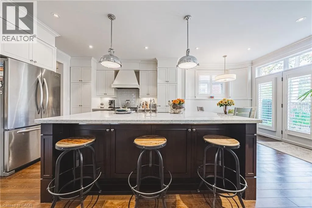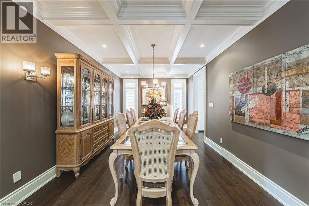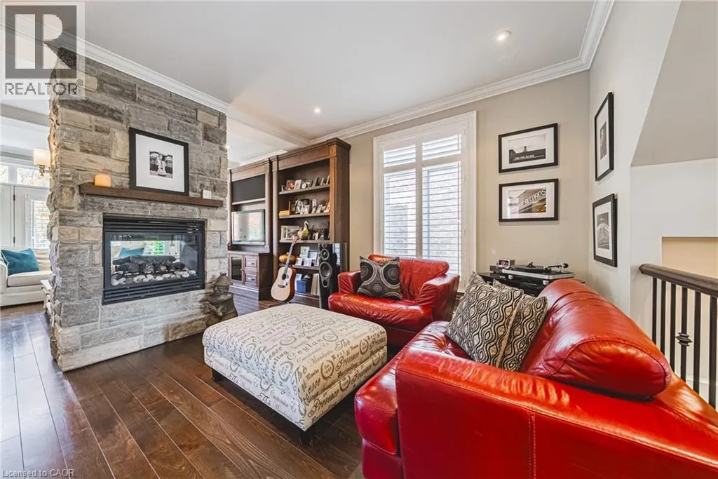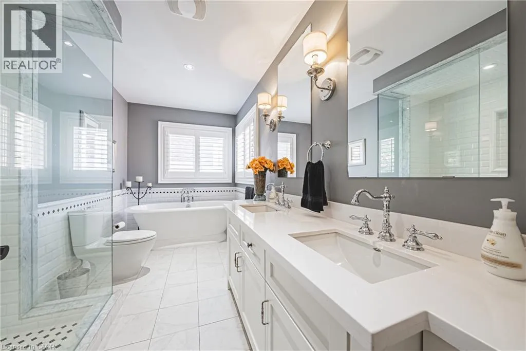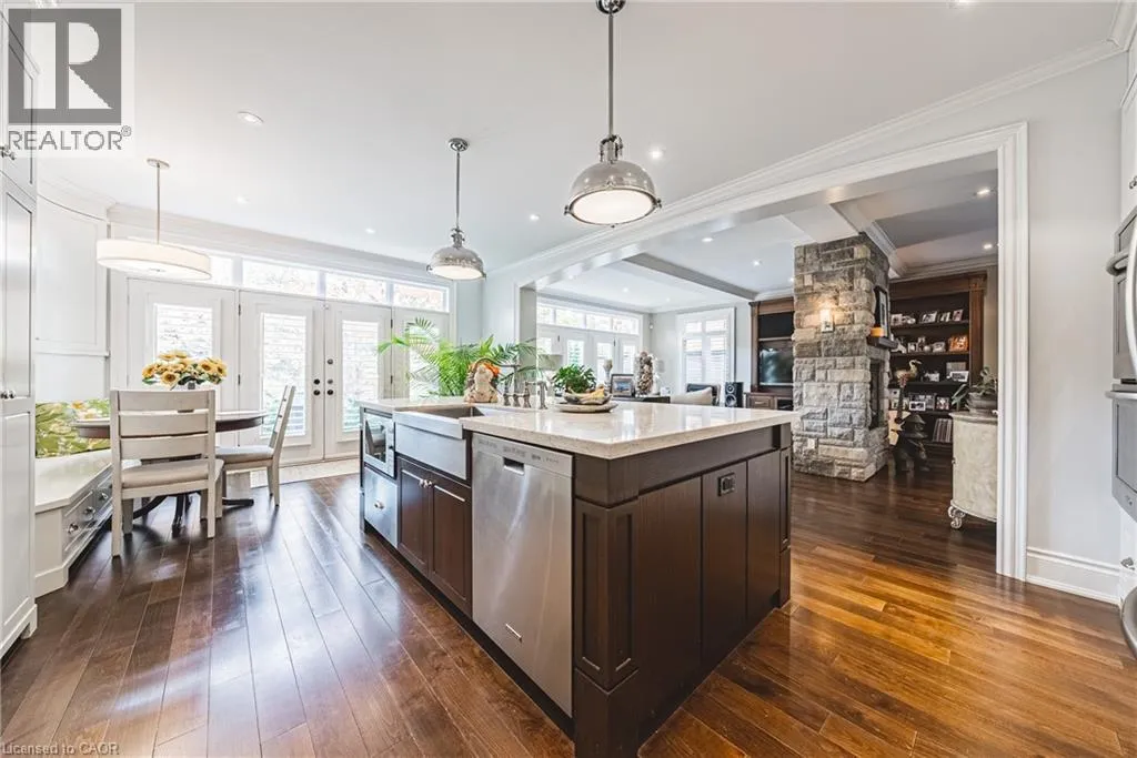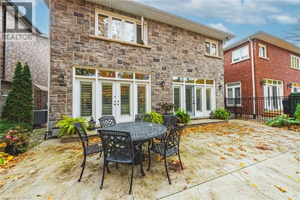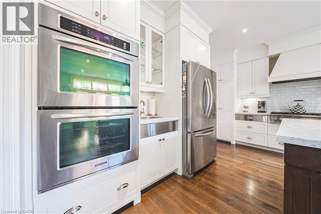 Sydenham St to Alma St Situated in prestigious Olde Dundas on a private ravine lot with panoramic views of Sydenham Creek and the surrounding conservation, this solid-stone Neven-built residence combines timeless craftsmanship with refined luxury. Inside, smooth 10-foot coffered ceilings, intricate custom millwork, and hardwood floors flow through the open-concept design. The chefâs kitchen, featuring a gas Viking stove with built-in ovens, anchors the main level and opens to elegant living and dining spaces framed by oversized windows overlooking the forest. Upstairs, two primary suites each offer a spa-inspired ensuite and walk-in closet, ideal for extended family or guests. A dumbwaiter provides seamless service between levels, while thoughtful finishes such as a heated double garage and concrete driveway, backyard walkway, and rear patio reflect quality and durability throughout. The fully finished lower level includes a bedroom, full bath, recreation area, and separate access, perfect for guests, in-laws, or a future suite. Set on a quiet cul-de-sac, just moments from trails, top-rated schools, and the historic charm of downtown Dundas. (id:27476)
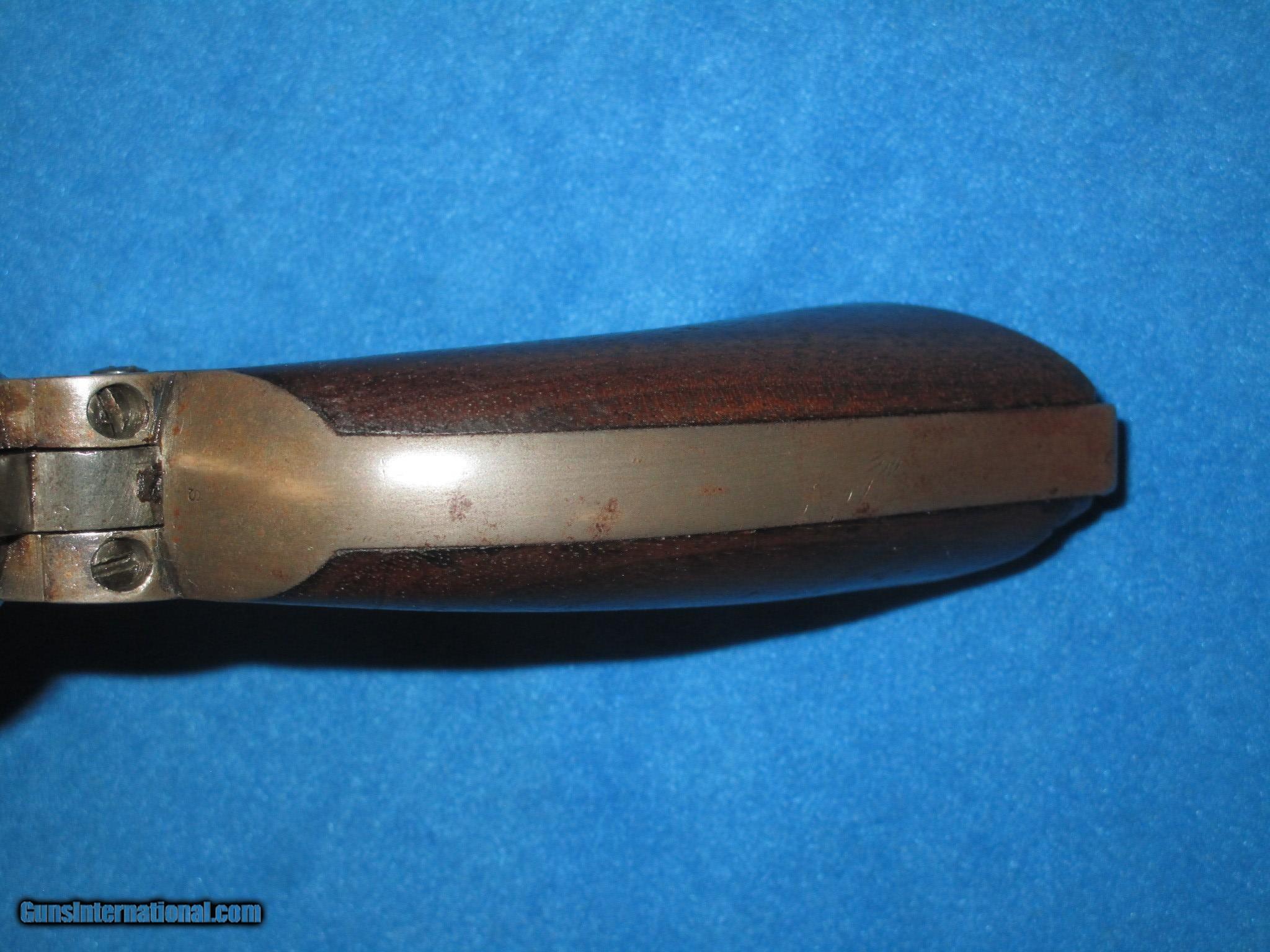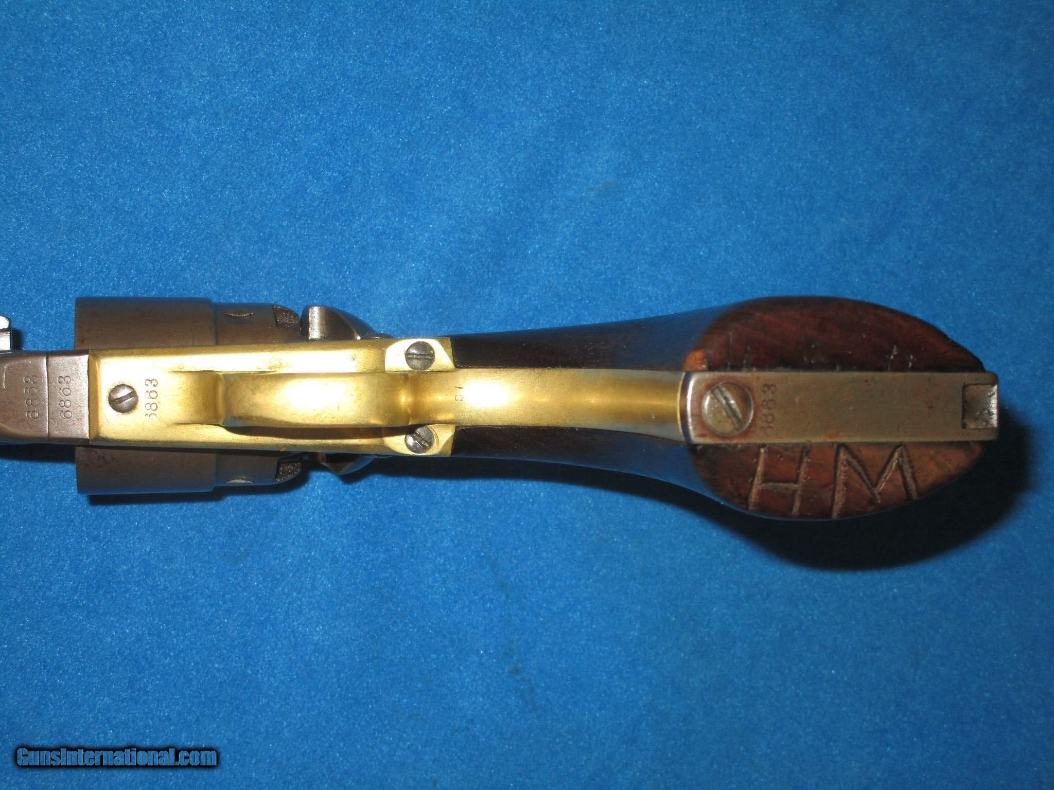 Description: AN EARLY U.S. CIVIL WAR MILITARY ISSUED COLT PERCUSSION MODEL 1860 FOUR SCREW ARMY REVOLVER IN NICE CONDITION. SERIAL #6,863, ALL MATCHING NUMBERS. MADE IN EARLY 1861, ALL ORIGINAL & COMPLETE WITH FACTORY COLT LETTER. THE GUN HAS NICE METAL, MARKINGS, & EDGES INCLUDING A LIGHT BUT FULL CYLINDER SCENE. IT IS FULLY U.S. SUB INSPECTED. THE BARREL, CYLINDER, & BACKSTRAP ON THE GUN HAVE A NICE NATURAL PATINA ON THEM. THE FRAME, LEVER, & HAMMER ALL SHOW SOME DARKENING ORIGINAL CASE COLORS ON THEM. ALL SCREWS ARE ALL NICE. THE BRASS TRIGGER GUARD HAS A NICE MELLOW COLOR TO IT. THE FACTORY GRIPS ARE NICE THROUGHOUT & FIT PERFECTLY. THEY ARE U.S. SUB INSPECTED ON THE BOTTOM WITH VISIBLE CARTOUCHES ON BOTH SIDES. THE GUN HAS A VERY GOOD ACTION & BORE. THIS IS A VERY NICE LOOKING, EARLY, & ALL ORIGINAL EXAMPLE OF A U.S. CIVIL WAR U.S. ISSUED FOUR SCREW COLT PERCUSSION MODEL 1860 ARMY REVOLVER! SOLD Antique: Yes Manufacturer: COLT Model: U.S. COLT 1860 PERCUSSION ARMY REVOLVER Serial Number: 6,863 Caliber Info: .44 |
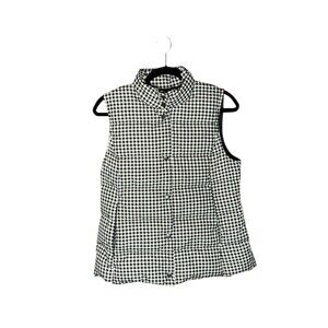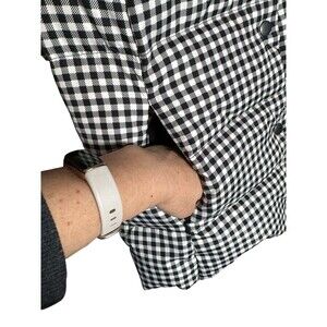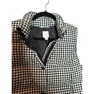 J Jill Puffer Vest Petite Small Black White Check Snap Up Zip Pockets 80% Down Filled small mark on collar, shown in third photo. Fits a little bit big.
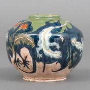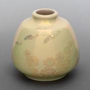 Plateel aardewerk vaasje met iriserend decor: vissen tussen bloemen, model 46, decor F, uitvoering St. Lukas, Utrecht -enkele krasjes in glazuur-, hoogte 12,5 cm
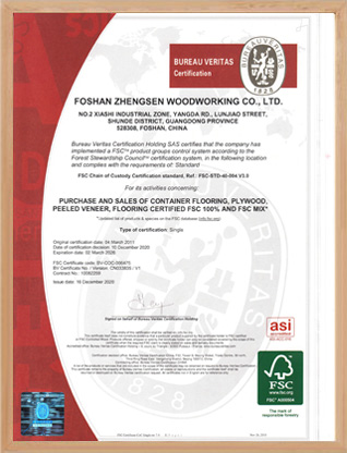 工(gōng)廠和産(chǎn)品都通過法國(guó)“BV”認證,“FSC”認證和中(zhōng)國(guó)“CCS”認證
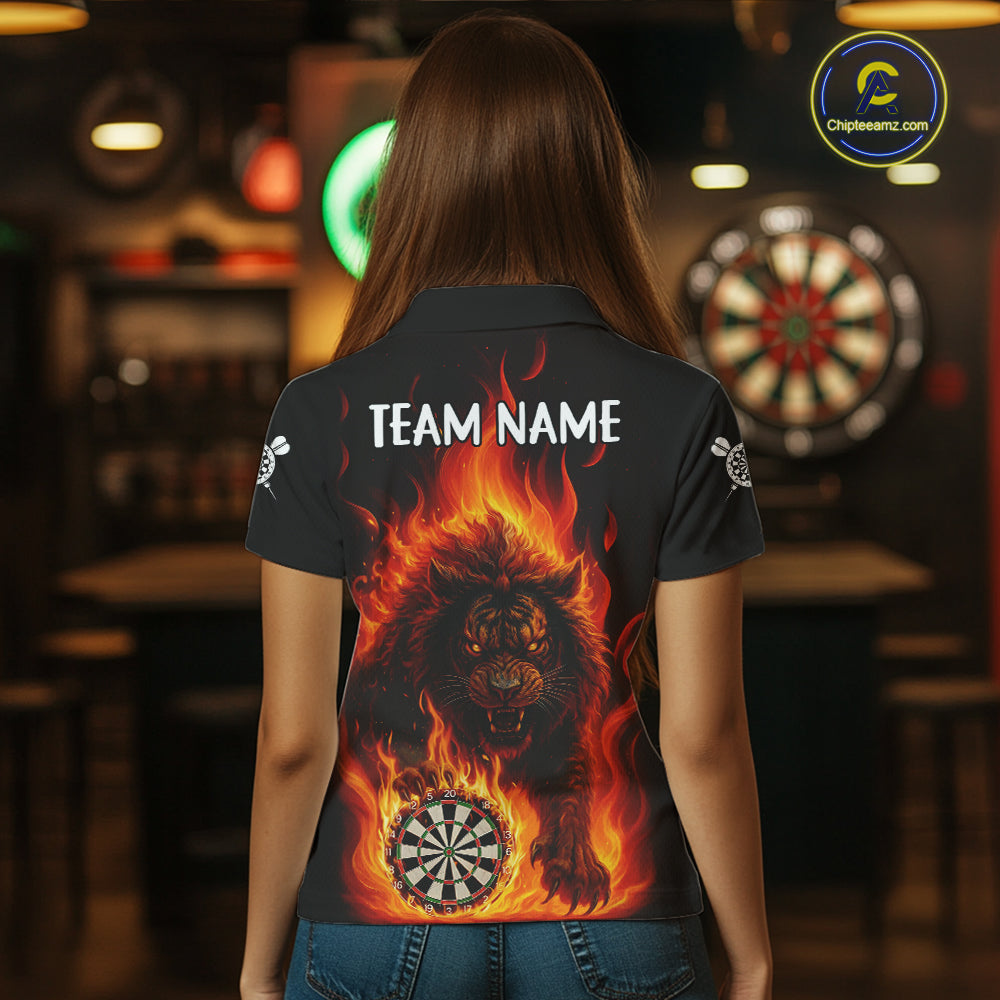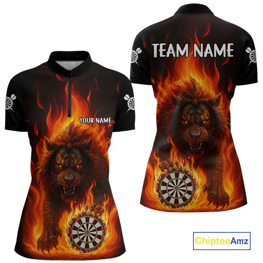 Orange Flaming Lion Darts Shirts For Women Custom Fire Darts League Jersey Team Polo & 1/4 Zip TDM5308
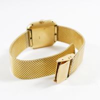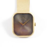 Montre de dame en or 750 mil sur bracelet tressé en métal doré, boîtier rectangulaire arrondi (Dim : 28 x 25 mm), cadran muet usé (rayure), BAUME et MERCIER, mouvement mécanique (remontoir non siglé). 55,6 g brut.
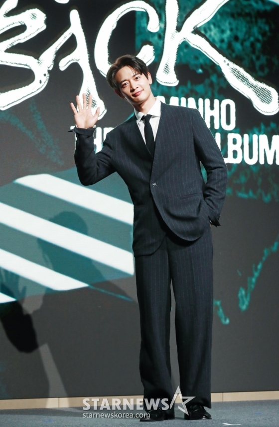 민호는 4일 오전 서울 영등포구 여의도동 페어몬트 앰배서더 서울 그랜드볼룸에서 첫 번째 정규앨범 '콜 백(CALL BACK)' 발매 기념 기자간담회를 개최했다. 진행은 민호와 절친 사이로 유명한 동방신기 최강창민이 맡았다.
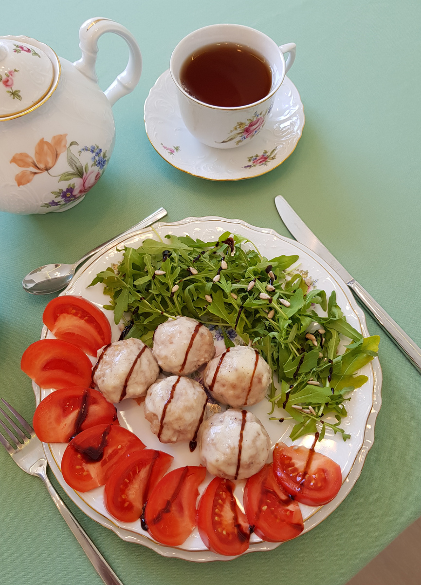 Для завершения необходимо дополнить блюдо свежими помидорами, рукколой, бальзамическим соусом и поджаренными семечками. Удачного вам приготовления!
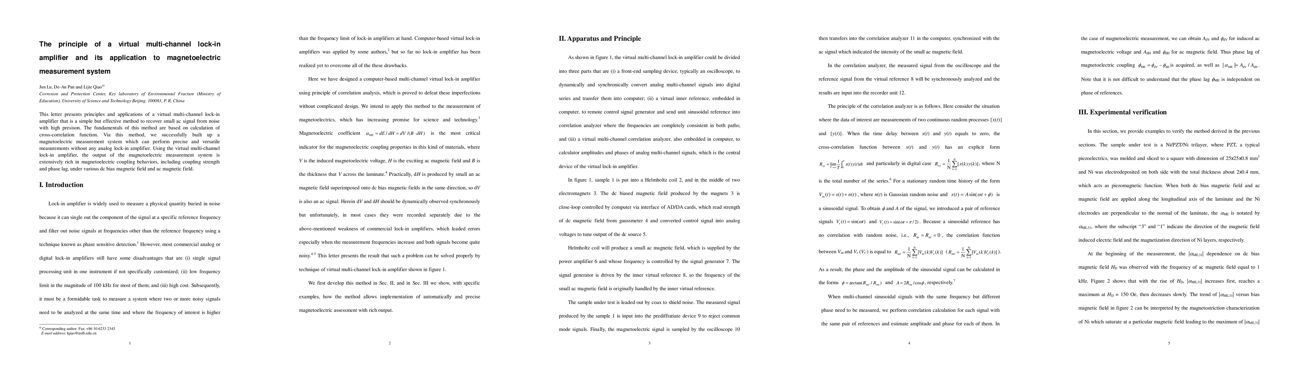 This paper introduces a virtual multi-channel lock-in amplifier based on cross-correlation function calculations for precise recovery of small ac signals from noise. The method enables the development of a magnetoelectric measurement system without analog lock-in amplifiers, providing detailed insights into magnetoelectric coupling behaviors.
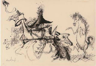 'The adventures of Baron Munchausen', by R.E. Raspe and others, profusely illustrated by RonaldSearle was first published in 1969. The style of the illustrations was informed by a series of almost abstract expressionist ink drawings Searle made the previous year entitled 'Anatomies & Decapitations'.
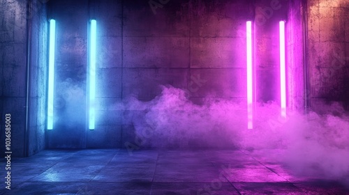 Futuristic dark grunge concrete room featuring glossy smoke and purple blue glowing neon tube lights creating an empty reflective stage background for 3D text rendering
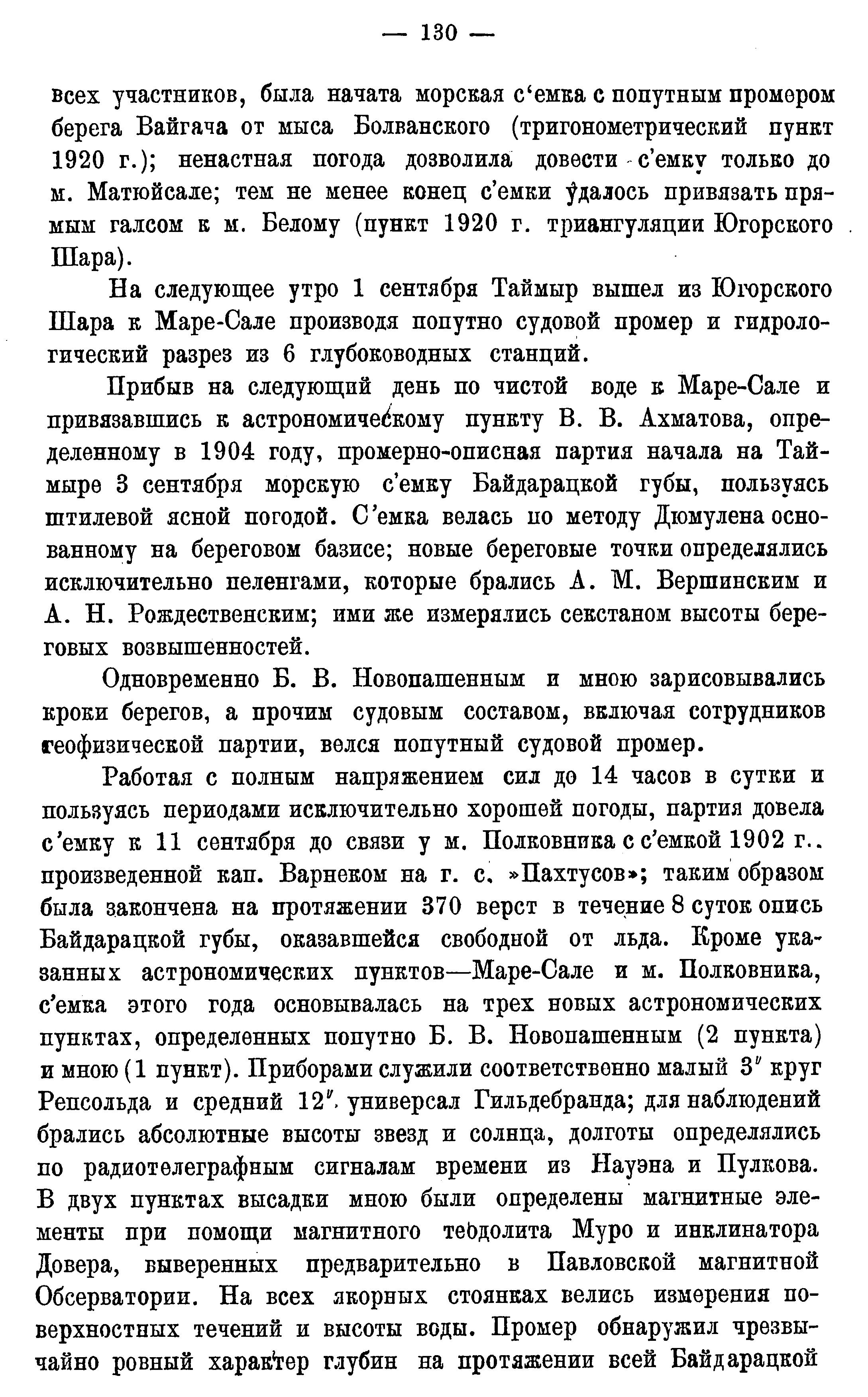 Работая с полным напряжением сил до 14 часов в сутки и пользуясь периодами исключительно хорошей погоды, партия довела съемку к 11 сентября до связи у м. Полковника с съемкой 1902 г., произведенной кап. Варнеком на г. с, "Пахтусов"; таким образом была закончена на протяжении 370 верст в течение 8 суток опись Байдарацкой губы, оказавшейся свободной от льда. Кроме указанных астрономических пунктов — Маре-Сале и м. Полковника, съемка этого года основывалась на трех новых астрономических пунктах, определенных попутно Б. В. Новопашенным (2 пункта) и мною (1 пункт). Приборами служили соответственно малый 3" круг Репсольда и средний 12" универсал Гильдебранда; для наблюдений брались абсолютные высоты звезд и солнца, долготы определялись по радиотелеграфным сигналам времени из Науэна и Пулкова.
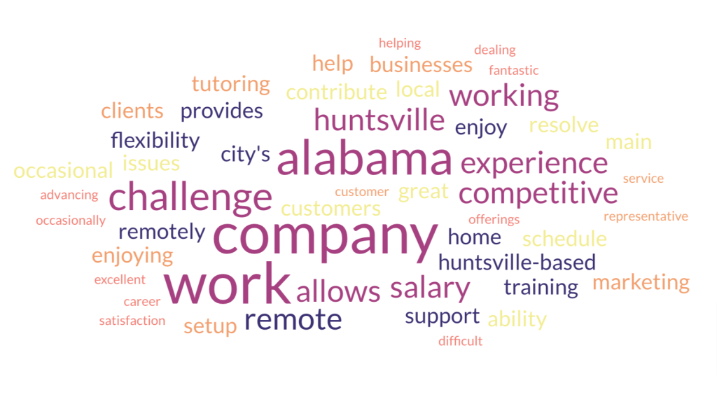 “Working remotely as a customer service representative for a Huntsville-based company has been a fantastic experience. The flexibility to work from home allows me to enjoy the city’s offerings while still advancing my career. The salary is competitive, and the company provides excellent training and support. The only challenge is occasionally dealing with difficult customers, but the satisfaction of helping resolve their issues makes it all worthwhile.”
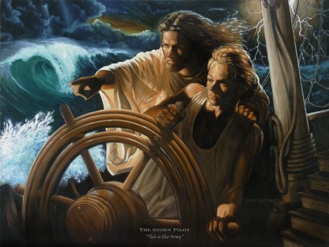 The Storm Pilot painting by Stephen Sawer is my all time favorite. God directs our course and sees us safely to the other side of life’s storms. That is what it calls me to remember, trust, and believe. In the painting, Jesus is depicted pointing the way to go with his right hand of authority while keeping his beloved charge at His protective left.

▸ **Exercise details**
From the records above, transcribe only the stretch from the line with "민호는 4일 오전 서울" through the line with "This paper introduces", keeping both ends. Omit pictures.

▸ **Answer to this task**
 민호는 4일 오전 서울 영등포구 여의도동 페어몬트 앰배서더 서울 그랜드볼룸에서 첫 번째 정규앨범 '콜 백(CALL BACK)' 발매 기념 기자간담회를 개최했다. 진행은 민호와 절친 사이로 유명한 동방신기 최강창민이 맡았다.
 Для завершения необходимо дополнить блюдо свежими помидорами, рукколой, бальзамическим соусом и поджаренными семечками. Удачного вам приготовления!
 This paper introduces a virtual multi-channel lock-in amplifier based on cross-correlation function calculations for precise recovery of small ac signals from noise. The method enables the development of a magnetoelectric measurement system without analog lock-in amplifiers, providing detailed insights into magnetoelectric coupling behaviors.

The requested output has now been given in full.